Bapak sebagai dewan penasehat pembangunan Pondok Modern Tazakka, apa naschat dan harapan Bapak terhadap Pondok Modern Tazakka?

berpesan agar Pondok Modern Tazakka menjadi pesantren yang integral dan bukan pesantren alternatif, karena belajar di pesantren adalah jalan integratif, bukan  alternatif, kalau hanya menjadi alternatif berarti tidak mantap dan yakin akan pentingnya pesantren.

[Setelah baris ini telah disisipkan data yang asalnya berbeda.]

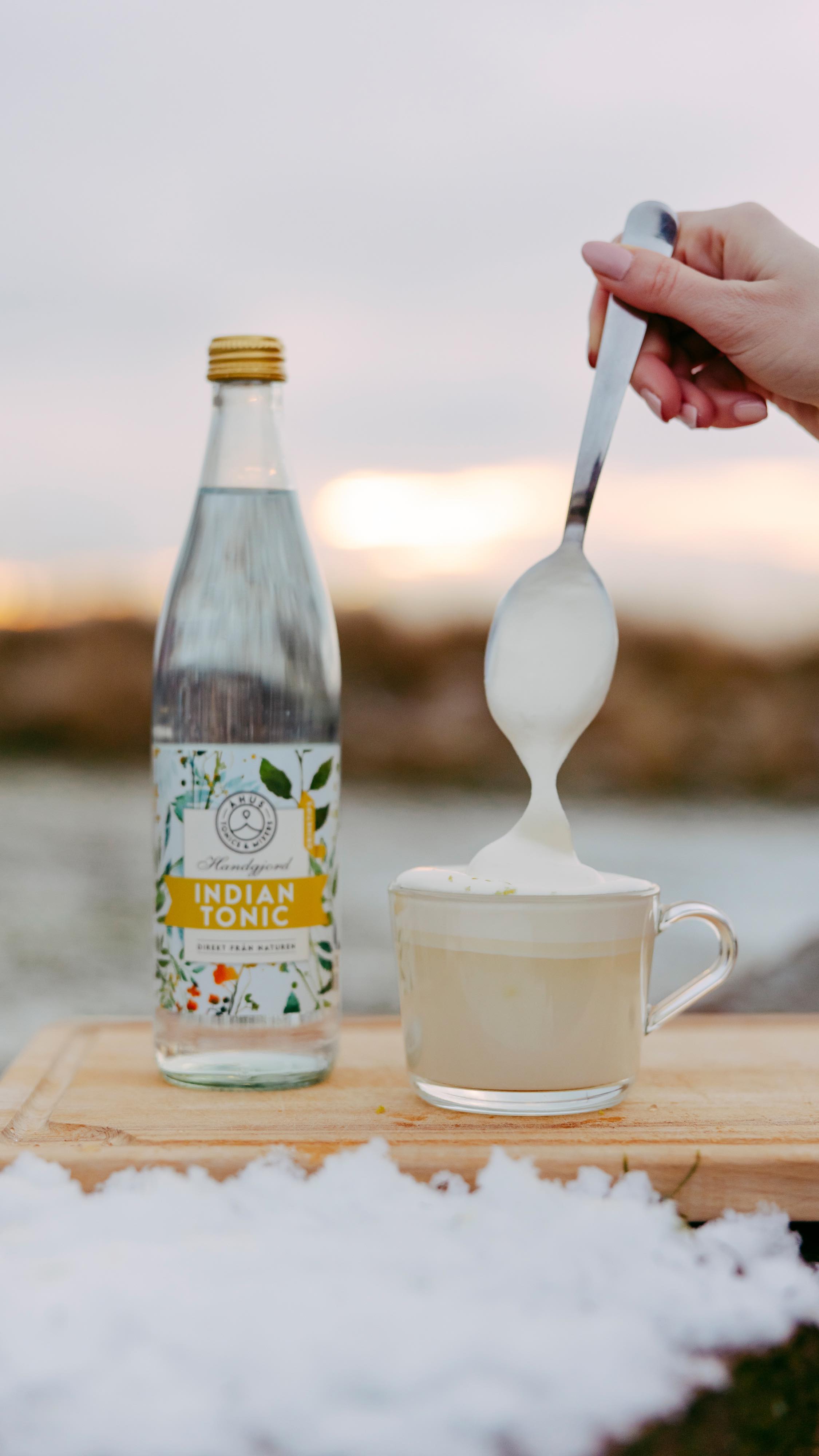 En värmande twist på gin & tonic med sötma och lätt gräddtopp.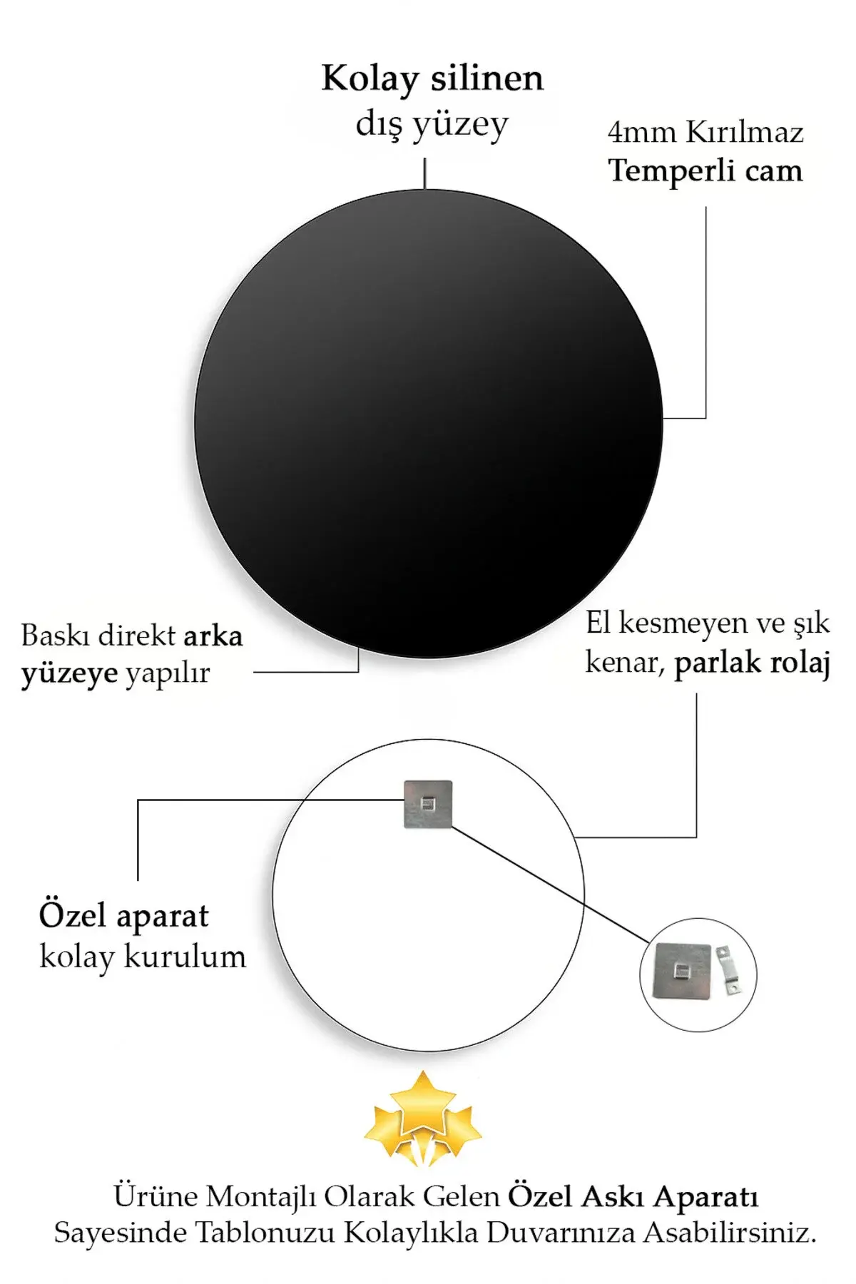 - Modern tasarımıyla evinizin dekorasyonuna şıklık katan altın geyik temalı cam tablo, mekanınıza sanatsal bir dokunuş ekler.; - Tek parça halinde sunulan bu lüks oda tablosu, kolay montaj avantajıyla zaman kazandırırken estetik görünümünden ödün vermez.; - Yüksek kaliteli cam malzemesi sayesinde uzun ömürlü kullanım vaat eder ve yıpranmaya karşı dayanıklılık sağlar.; - Çerçevesiz yapısı ile minimalist tarzınızı ön plana çıkaran bu modern cam tablo, duvarlarınızda zarif bir siluet oluşturur.; - Üretimi Türkiye'de gerçekleştirilen bu sanatsal çalışma, yerel kaynaklı malzemelerle üretilmiş olup ulusal gururu evinizin her köşesine taşır.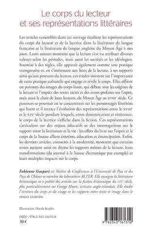 Les articles rassemblés dans cet ouvrage étudient les représentations du corps du lecteur et de la lectrice dans la littérature française et anglaise du Moyen Âge à nos jours. Leurs auteurs montrent que la lecture s'est vu attribuer diverses valeurs selon les périodes historiques, mais aussi selon les sociétés et les idéologies. Soumise à des règles, elle apparaît également comme une pratique transgressive et, en s'intéressant aux lieux de la lecture, à ses supports ainsi qu'aux postures du lecteur, ces études insistent sur l'importance de cette pratique culturelle. Elles offrent un parcours d'images du corps lisant. Celui-ci se poursuit en se concentrant sur les personnages féminins qui lisent et il retrace l'évolution des représentations entre le 18e et le 19e siècle pendant lesquels, entre domestication et résistance, le corps de la lectrice s'affiche dans la fiction.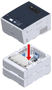 Wenn Sie zwei zusätzliche Kassetten installieren möchten, verbinden Sie sie mit den Verriegelungsstücken.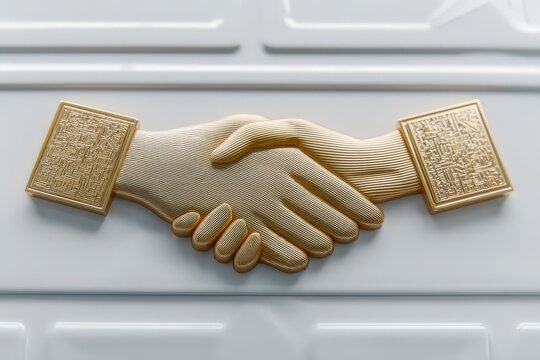 Digital Handshake: A futuristic and symbolic representation of partnership, collaboration, and agreement, depicted through two digital hands joining in a handshake against a vibrant background.

Indonesia sebagai negara yang mayoritas penduduknya muslim di dunia mempunyai posisi strategis dalam percaturan global,

Bagaimana Bapak melihatnya?

Indonesia sudah menjadi pujian negara-negara lain, karena merdeka bukan karena pemberian. Indonesia untuk bersatu harus melewati waktu yang lama, 350tahun. Maka belajar dari Indonesia, Palestina, Irak dan yang lain tidak perlu menunggu waktu selama itu, dan jangan ragu bahwa bersatu adalah jalan yang pasti harus ditempuh untuk meraih kemerdekaan.

Apa hobi Bapak?

Hobi saya diplomasi dan profesi saya mengaji. Diplomat adalah hobiku, ngaji adalah profesiku.

 

BIODATA

Nama : Muhammad Muzammil Basyuni TTL   : Rembang, 7 Oktober 1947 Istri   : Diana Murni Anak:

1.   Jihan Shaikhlia Muzammil

2.   M. Fitriawan Atieqy Muzammil

3.   M. Zuhdy Adiansyah Muzammil

4.   Selly Amalina Muzammil

Pendidikan:

1.  Pondok Pesantren Krapyak Yogyakarta

2.  Kulliyatul Mu’allimin Al Islamiyah Pondok Modern Darussalam Gontor Ponorogo

3.  Fakultas Adab IAIN Sunan Kalijogo Yogyakarta (1966/1967)

4.  Fakultas Ushuluddin IAIN Syarif Hidayatullah Jakarta (1967/1968)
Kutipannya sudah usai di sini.